Comment by SwellJoe 16 hours ago

A trillion parameters is wild. That's not going to quantize to anything normal folks can run. Even at 1-bit, it's going to be bigger than what a Strix Halo or DGX Spark can run. Though I guess streaming from system RAM and disk makes it feasible to run it locally at <1 token per second, or whatever. GLM 5.1, at 754B parameters, is already beyond any reasonable self-hosting hardware (1-bit quantization is 206GB). Maybe a Mac Studio with 512GB can run them at very low-bit quantizations, also pretty slowly.

Comment by justinclift 9 hours ago

Looks like it. This quant ( https://huggingface.co/inferencerlabs/Kimi-K2.6-MLX-3.6bit ) says:

> Q3.6 typically achieves useable accuracy in our coding test and fits within a 512GB memory budget

This one ( https://huggingface.co/mlx-community/Kimi-K2.6-MoE-Smart-Qua... ) though says it fits on a 192GB mac:

> M3/M4 Ultra 192GB+ (fits in ~150GB)

Comment by jauntywundrkind 15 hours ago

A huge dual socket Epyc system used to be able to get to 1TB without difficulty. 16 dimms of 64gb each. Doable for ~$3000. With considerable memory bandwidth.

Our hope these days seems to be that maybe perhaps possibly High Bandwidth Flash works out. Instead of 4, 8, or maybe more for some highest end drives, having many many many dozens of channels of flash.

Ideally that can be very very near to the inference. PCIe 7.0 is 0.5Tb/s at 16x which is obviously nowhere remotely near enough throughout here. The difficulty is sort of that nand has been trying to be super dense, so as you scale channels you would normally tend to scale nand capacity too, and now instead of a 2tb drive you have a 200tb drive prices way beyond consumer means. Still, I think HBF is perhaps the only shot of the most important thing in computing going from mainframe back to consumer, and of course the models are going to balloon again if this dies hit, probably before consumers ever get a chance.

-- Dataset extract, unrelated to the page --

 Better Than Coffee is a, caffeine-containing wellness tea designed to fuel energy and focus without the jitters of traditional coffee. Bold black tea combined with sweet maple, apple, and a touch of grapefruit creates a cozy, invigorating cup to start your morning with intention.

Comment by segmondy 5 hours ago

You can't buy 16 64gb dimms for $3000. Go shop memory prices again. But yes an old epyc can run this with no GPU at reasonable speed and if you throw a few GPUs you can get very manageable speed. I run this at home on an old system PCIe4, slow 2400mhz ddr4 ram and still getting about 13tk/sec

Comment by Balinares 17 hours ago

Quite curious how well real usage will back the benchmarks, because even if it's only Opus ballpark, open weights Opus ballpark is seismic.

Comment by gpm 16 hours ago

Huh, so the metadata says 1.1 trillion parameters, each 32 or 16 bits.

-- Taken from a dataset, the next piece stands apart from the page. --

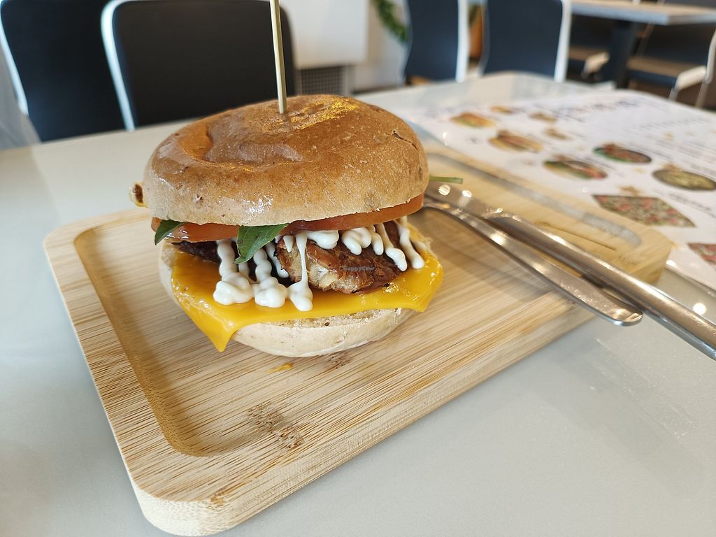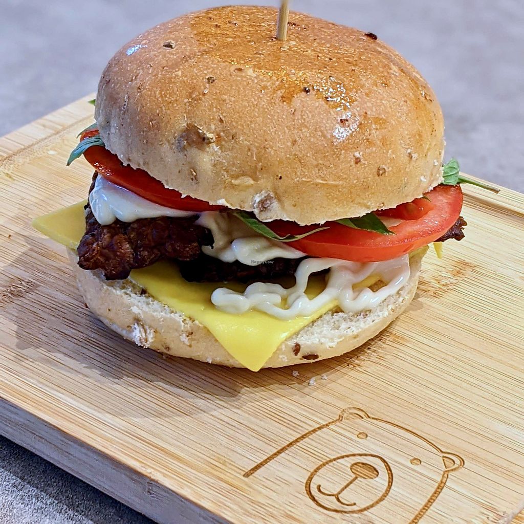 Cheezy Basil Tempeh Burger

But the files are only roughly 640GB in size (~10GB * 64 files, slightly less in fact). Shouldn't they be closer to 2.2TB?

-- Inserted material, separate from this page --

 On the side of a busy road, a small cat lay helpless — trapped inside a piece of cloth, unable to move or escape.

Comment by johndough 16 hours ago

The bulk of Kimi-K2.6's parameters are stored with 4 bits per weight, not 16 or 32. There are a few parameters that are stored with higher precision, but they make up only a fraction of the total parameters.

Comment by gpm 16 hours ago

Huh, cool. I guess that makes a lot of sense with all the success the quantization people have been having.

So am I misunderstanding "Tensor type F32 · I32 · BF16" or is it just tagged wrong?

Comment by rockinghigh 14 hours ago

The MoE experts are quantized to int4, all other weights like the shared expert weights are excluded from quantization and use bf16.

Comment by liuliu 13 hours ago

I32 are 8 4-bit value packed into one int32.

Comment by coder543 15 hours ago

The description specifically says:

"Kimi-K2.6 adopts the same native int4 quantization method as Kimi-K2-Thinking."

Comment by throwaw12 15 hours ago

Beats Opus and Open Source?

I really hope this holds true in real world use cases as well and not only benchmarks. Congrats to Kimi team!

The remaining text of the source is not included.